Understanding Artificial Intelligence

What is Artificial Intelligence

Artificial Intelligence or AI for short is the attempt to mimic human like behaviour, learning and reasoning through code in a computer. The most common types use something called a Deep Neural Network. This is a machine learning algorithm that uses some relatively simple maths (basic calculus) to be able to search for patterns in data. 

What is the difference between AI and Machine Learning?

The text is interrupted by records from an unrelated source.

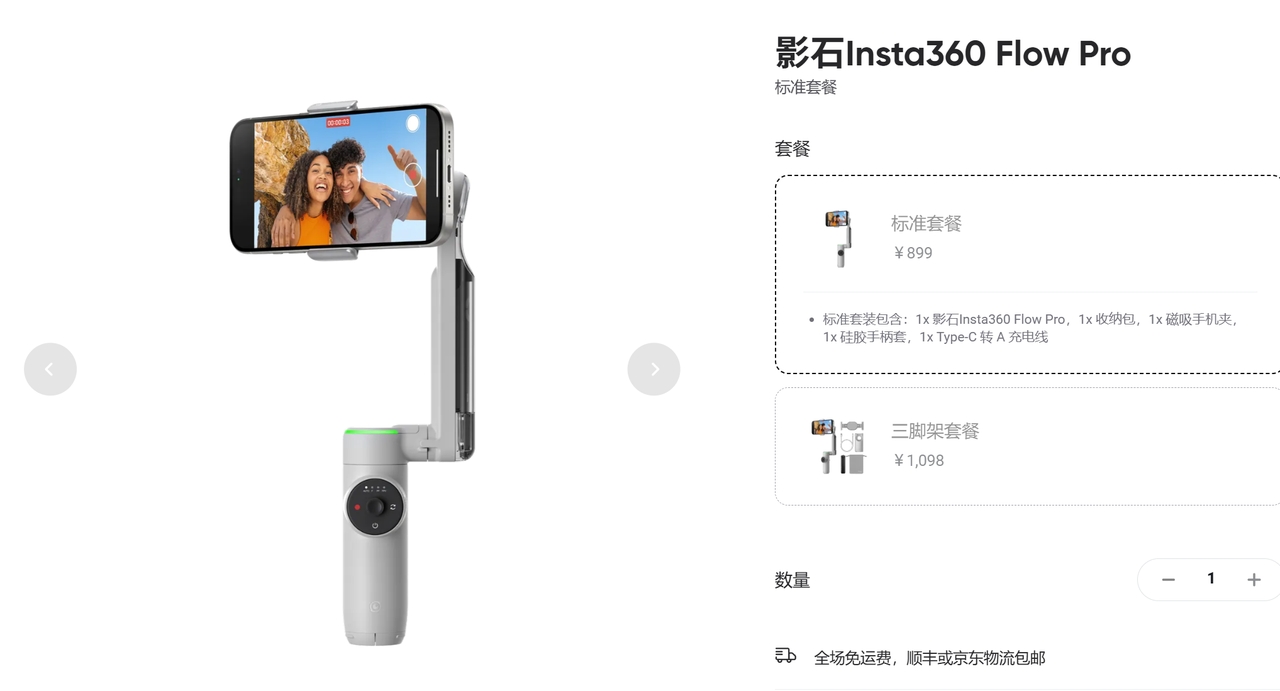 Pocket3正常的标准价格是3499元,在本次降价之后仍有2799元,而Insta360FlowPro却仅需要899元。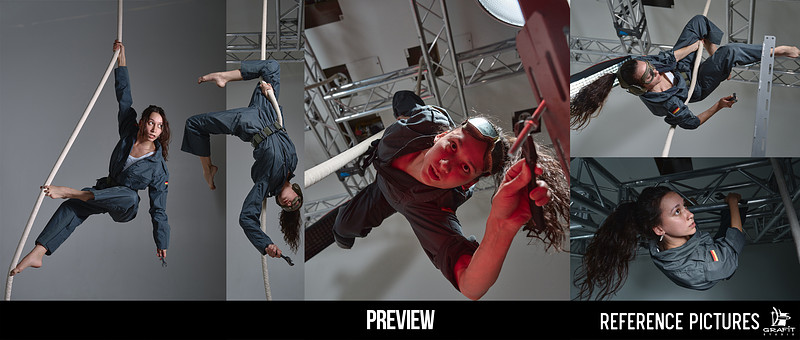 1. Aerial & crawling poses — one model is photographed in mid-air using a rope system, creating floating, climbing, and hanging poses ideal for character design, action scenes, and dynamic compositions.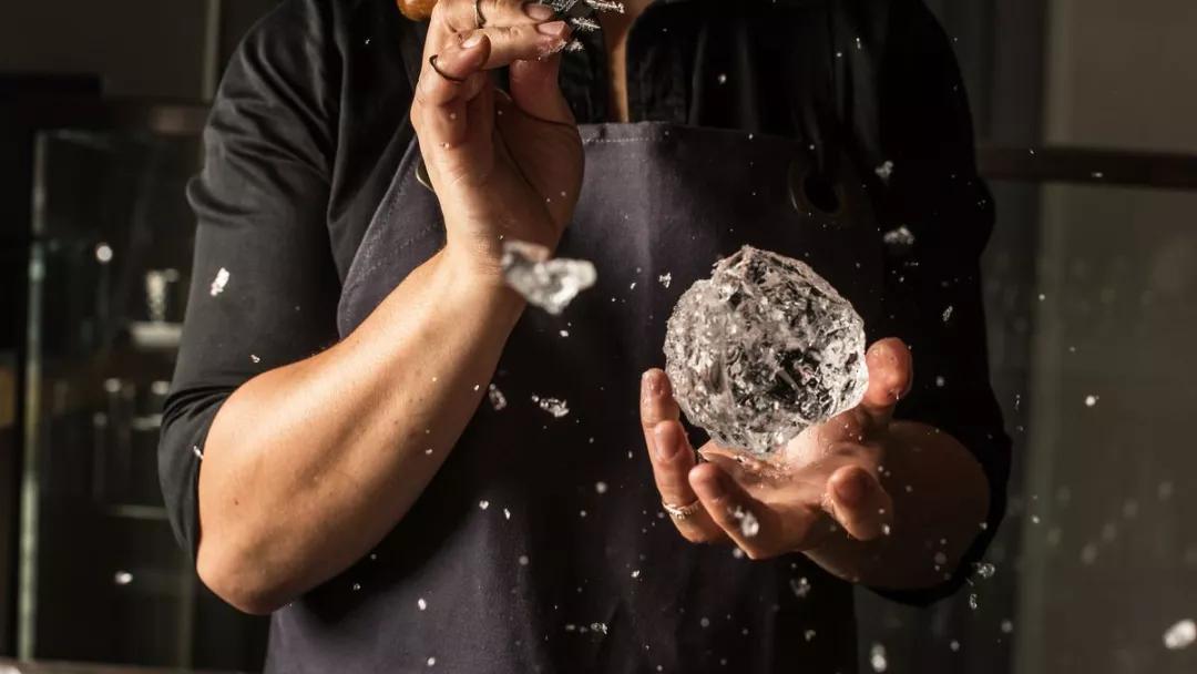 領(lǐng)悟到冰所攜帶的力量后,日本調(diào)酒師們很早便開始專研冰的藝術(shù)。所謂強將手下無弱“冰”,日本調(diào)酒師的手鑿冰球(Hand-carved ice balls)便是調(diào)酒界中的公認精“冰”。他們會使用一些特殊器具,比如冰刀、冰鋸,來操練手中的冰塊。通常,他們先把一大塊巨冰切成小份,然后手拿“冰叉”鑿啊鑿,直到把冰塊鑿成球狀。聽起來很容易是嗎?但其實,無任何保暖措施的手會被凍到毫無知覺,一個小小的失誤便會招來一趟醫(yī)院旅行。
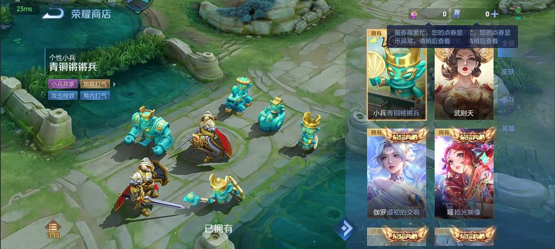 荣耀v10不禁言❤745皮满皮肤满按键满水晶满星元满小兵❤历史国服貂蝉1.9万❤️青铜锵锵小兵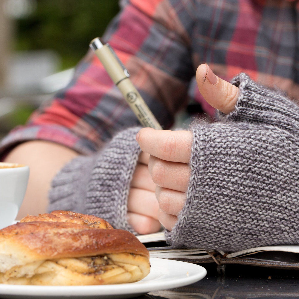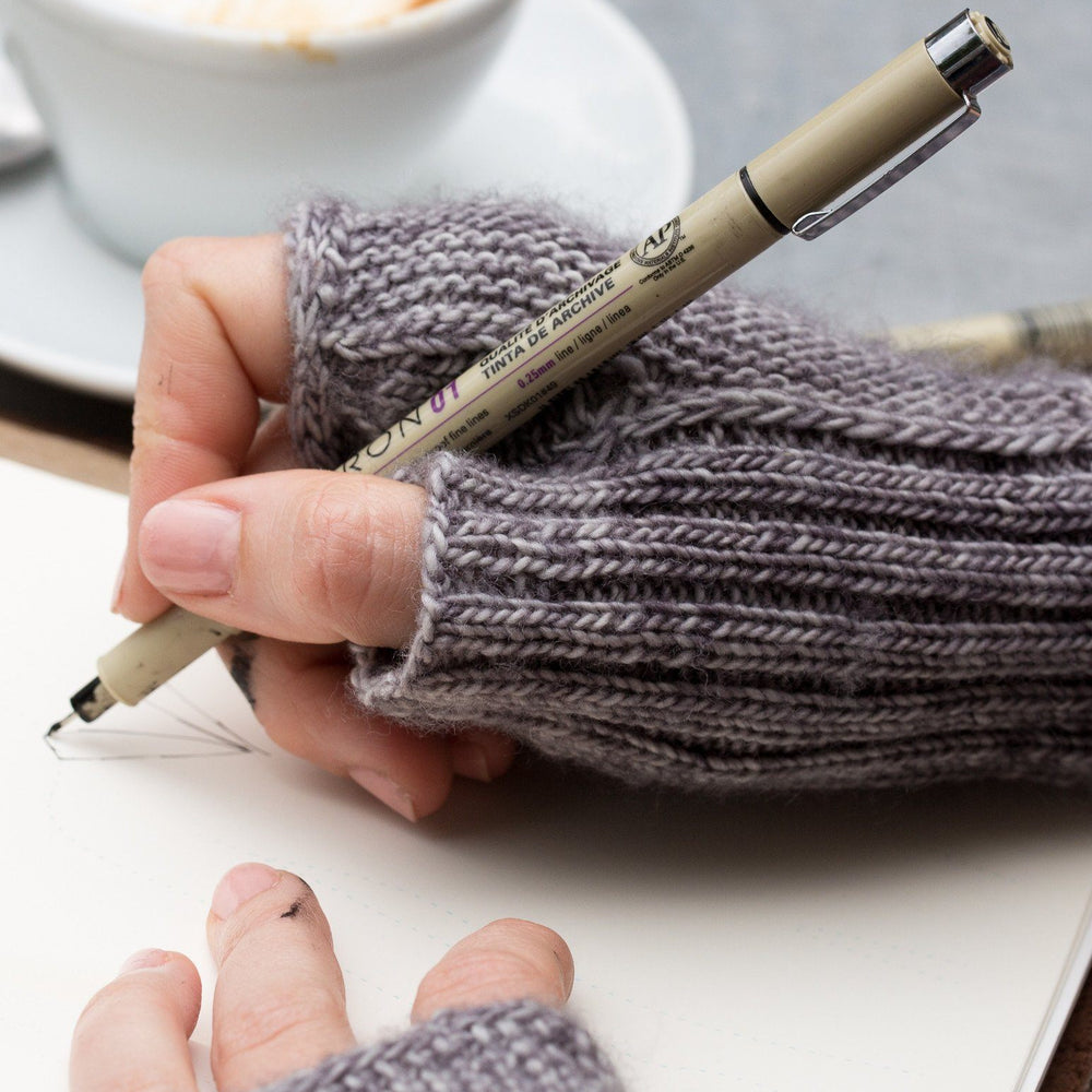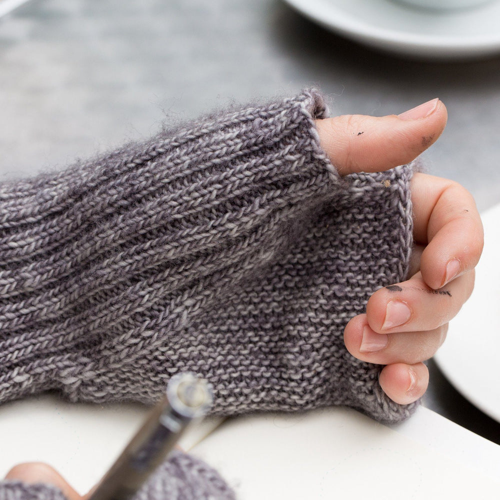 The mitts begin at the cuff which is worked in the round using the magic loop technique. A provisional cast on is used to add stitches for the hand which is worked back and forth in garter stitch with an I-cord edge and decreased across the live cuff stitches. Instead of a traditional gusset, shaping for the thumb is added by working across the hand and remaining cuff stitches, decreasing where they join to create a triangle of garter stitch across the palm. The remaining garter stitches are joined to the provisional cast on stitches above the thumb with a three needle bind off and triangular gusset that is worked downwards to join the remaining thumb stitches. The thumbs are then worked in the round. The only cast-on and bound-off edges are at the base of the cuff and the top of the thumb and the only finishing required before gifting is weaving in the ends and blocking.

Although we use the term AI a lot especially in the media, it can sound daunting, mysterious and even dangerous. Yet it is far more accessible than you realise and behind it is a computer that is running a programme that you could write with very little experience or even knowledge. The term Artificial intelligence (AI) is the broader concept of creating intelligent machines that can perform tasks typically requiring human intelligence. Machine learning is a subset of AI that focuses on teaching computers to learn from data and improve their performance over time. In essence, AI is the overarching goal of building intelligent machines, while machine learning is a specific method used to achieve that goal.

What is an Algorithm?

An algorithm is a set of step-by-step instructions or rules to be followed to solve a specific problem or achieve a particular outcome. Think of it as a recipe for a computer: it outlines the exact steps a computer needs to take to complete a task.

How does AI learn?

AI learns through machine learning, which involves training algorithms on data to identify patterns and make predictions. There are three main types: supervised learning, unsupervised learning, and reinforcement learning. By processing data, identifying patterns, and adjusting algorithms, AI can improve its performance over time.   

Supervised Learning

Supervised learning is a machine learning technique where algorithms are trained on a dataset with labeled inputs and outputs. Think of it like teaching a child to identify animals by showing them pictures of dogs, cats, and birds along with their respective labels. The algorithm learns to recognise patterns and relationships between the input data and the corresponding output, enabling it to make predictions on new, unseen data. 

Unsupervised Learning 

Unsupervised learning is another machine learning technique, but unlike supervised learning, it doesn’t require labeled data. Instead, the algorithm is tasked with finding patterns, structures, or relationships within the data itself. Imagine giving a child a box of toys and asking them to sort them into groups based on similarities. This is essentially what unsupervised learning does. 

Reinforcement Learning 

Reinforcement learning is a type of machine learning where an agent learns by interacting with an environment. It’s like training a dog with treats: the agent receives rewards for performing desired actions and penalties for undesired ones. This feedback helps the agent learn the best strategy to maximise its rewards over time. 

How does AI work?

At the heart (or the brain) of an AI model is something called a neural network is a computational model inspired by the structure and function of the human brain. It is made up of interconnected nodes, called neurons, that process and transmit information. These neurons are organised in layers: an input layer, one or more hidden layers, and an output layer.